The head of the NAACP said yesterday that it was "blatant discrimination" for Catholic University to refuse to let some of its students form an NAACP chapter on campus and that the civil rights organization will go to court, if necessary, to get school officials to reverse their stance.
Kweisi Mfume, the NAACP's president and chief executive, said at a news conference across the street from Catholic University's Northeast Washington campus that the decision was an embarrassment to those of the Catholic faith and others who believe that discrimination of any type is wrong.
"This is blatant discrimination in its most naked form," Mfume said. "For years, we have had chapters of the NAACP on the campuses of other Catholic schools such as Georgetown, Trinity College, Fordham and St. John's."
The university decided in April that students could not start an NACCP chapter on campus, saying it would overlap with two existing campus groups and expressing concern about the organization's advocacy of abortion rights.
Mfume said the university's concern about starting another campus organization for black students imposed "a quota system that is not applied to other students of other races."
Victor Nakas, Catholic University's director of public affairs, said the school strongly disagreed with Mfume's characterization of the controversy.
"For us, this issue is not an evaluation of the merits of the NAACP but the principle of our right and responsibility as a university to determine what groups we will or won't permit to be established," Nakas said. "We don't simply accept every request to form a group presented by students simply because they think it's a good idea."
Nakas said Mfume's claim that the university is trying to set a quota on African American organizations "is clearly not the case." Blacks accounted for 386 of the school's 5,740 undergraduate and graduate students last fall.
Mfume complained at the news conference that Catholic University officials had not responded to his repeated telephone calls after an article about the school's rejection of the NAACP chapter appeared Thursday in The Washington Post.
But Nakas said the Rev. David M. O'Connell, the university president, returned Mfume's calls Thursday and left two messages offering to meet with him Monday to discuss the NAACP's concerns. Nakas said O'Connell was out of town attending a family funeral and could not meet any earlier than Monday.
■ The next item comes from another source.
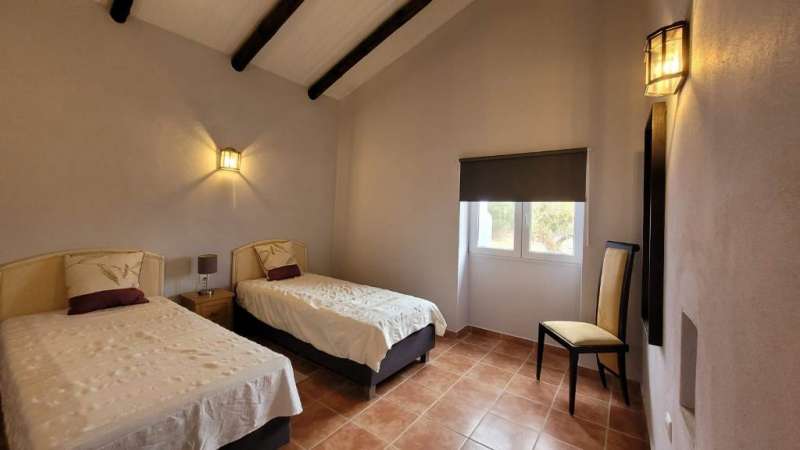 This unique property near the picturesque village of São Bartolomeu de Messines, just a few minutes from Silves, in the heart of the Algarve, is a real haven. A single-storey 4-bedroom villa in traditional Algarve style, it has been completely renovated. Upon entering the house, the spacious and bright open-plan living room with fully equipped kitchen offers the perfect space to receive guests, connecting seamlessly through the sliding glass doors to the large pool and garden area. For total privacy, the villa is completely enclosed by walls. The villa has 4 spacious bedrooms, the master bedroom of which has a large en-suite bathroom. There are two additional full bathrooms and a separate utility room. Throughout the property, the high ceilings and exposed wooden beams contribute to the traditional charm of the house and provide an abundance of natural light. Adjacent to the house, the property also has a large flat plot of land, ideal for developing agriculture, already having several varieties of mature fruit trees. The perfect location to enjoy tranquillity, surrounded by nature, this property offers comfort, privacy and functionality. It has a large water reservoir and is connected to the municipal water network. Located less than 30 minutes from the stunning beaches of Albufeira and 10 minutes from the center of São Bartolomeu de Messines, it benefits from a peaceful countryside setting and good accessibility and connection to the coast, with all services and amenities nearby. CHARACTERISTICS: Plot Area: 7 480 m2 | 80 514 sq ft Area: 530 m2 | 5 705 sq ft Bedrooms: 4 Bathrooms: 3 Energy efficiency: F FEATURES: Single-storey house 4 bedrooms Equipped kitchen Swimming pool Garden

With the spring semester over, only a small group of students attended Mfume's news conference, and most were from NAACP chapters at other colleges. Among those present was William Jawando, who spent much of his senior year at Catholic University trying to get the NAACP chapter approved after a group of 30 students endorsed the idea. Jawando, 21, plans to enter the university's law school in the fall.
Jawando said school administrators told him in April that allowing the NAACP on campus would not be consistent with the mission of the university or the Roman Catholic Church. An NAACP spokesman said it "took a while" for the news to reach top NAACP officials, who spoke out this week.
The National Association for the Advancement of Colored People, founded 95 years ago, is the nation's oldest and largest civil rights organization. It has a half-million members and chapters at about 150 colleges.
In February, the NAACP's board of directors passed a resolution endorsing a woman's right to choose her method of birth control, including abortion. The organization also backed an abortion rights march in the nation's capital in April.